Preface and 2019 Update

Back in 2017, this was my first real personal project to explore all the ins and outs of Amazon Web Services, after being granted unfettered access to my best friend’s AWS account (I later had to tear all of this sh*t down, because it was costing him an arm and a leg).

I have since gotten involved with Terraform, and would now automate this entire configuration so that it would be completely reproducible, and the entire environment could be spun up in a matter of minutes. That being said, I feel like for any AWS novice (like I was at the time), you should first have to “click it out” before you go and start automating all the things, and that is what is described in this blog post. I also would like to stress the fact that there are a few very stand-out aspects of this project, given the particular timeframe that it was carried out…

First of all, containerizing WordPress is not something that is normally done. Historically, it has remained monolithic in nature, and mostly scales vertically, not horizontally like the architecture I implemented in this blog post. I would say that a good 90% of installations only use a 2-tiered architecture, where you have a webserver like Apache or Nginx serving up the static files and PHP, and the PHP talks to a database tier. I would even go so far as to say that probably a good 50% of WordPress installations run everything on the same tier, with a single server used for both the webserver and database. The thing that I did differently in order to implement a highly-available architecture was to deploy multiple WordPress instances across Availability Zones, all of which talked to the same Amazon RDS instance, which is highly available by default.

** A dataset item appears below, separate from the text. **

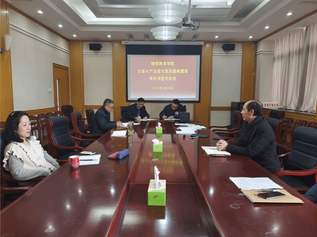 3月29日下午,在北校区图书馆301会议室,学院举行全面从严治党与党风廉政建设责任书签约仪式。副经理夏金海主持,学院全体中心组成员参加。

The second thing that I did completely differently was to utilize Amazon’s Elastic File System, which had been released less than a year prior to me writing this article. There was literally zero documentation on how to implement an architecture like this at the time. Believe me, I Googled until my fingers were numb, and eventually rolled my own architecture and half-assedly documented it as this 2017 blog post, mainly so I wouldn’t forget how I did it. I had recently taken the 2016 acloud.guru AWS Certified Solutions Architect Associate course and saw that he created a highly-available WordPress instance that used syncing between S3 buckets, which worked alright, but I thought was kind of lame, because my mind instantly went to NFS shares instead — which I discovered had recently been made possible by Amazon’s Elastic File System. Unbelievably, in the updated 2019 acloud.guru AWS Certified Solutions Architect Associate course, he is still teaching the same method of creating a highly-available WordPress instance by copying files between S3 buckets — which to me seemed to be incredibly counter-intuitive — and at the very least, and outdated architectural solution. There are clearly better ways, as I demonstrated (albeit to myself) back in early 2017.

So…my architecture solution utilized Amazon’s Elastic File System (EFS) in order to share a single Nginx config, PHP config, as well as WordPress installation files across all EC2 instances. As an additional security measure, these host directories could be mapped as read-only container volumes, so that if an attacker were to pop himself into a container, they would have no access to modify the main part of the filesystem responsible for the website. Additionally, the containers [and even the hosts, if I had fully fleshed out this idea] could be regularly drained of network connections and destroyed, and a new container [and like I said, potentially host] could be spun up, restoring the integrity of the entire filesystem and application structure.

All updates were done via a management [bastion] host, which was segmented off from the webservers, and this host functioned mostly as a deployment manager. For instance, it could update style.css or upload and activate a plugin, and the updates would instantly propagate out to the webservers and database. A change to the Nginx config could also be made, but would require rolling restarts of the containers, which could also be managed on this management host via aws-cli or via the AWS ECS Management Console.

A couple of other minor details was that the database was using a MariaDB RDS instance rather than MySQL, which WordPress normally uses. I forget why I chose MariaDB, but I think it had something to do with performance, and the performance of this setup was outstanding — even before having the ability to implement caching.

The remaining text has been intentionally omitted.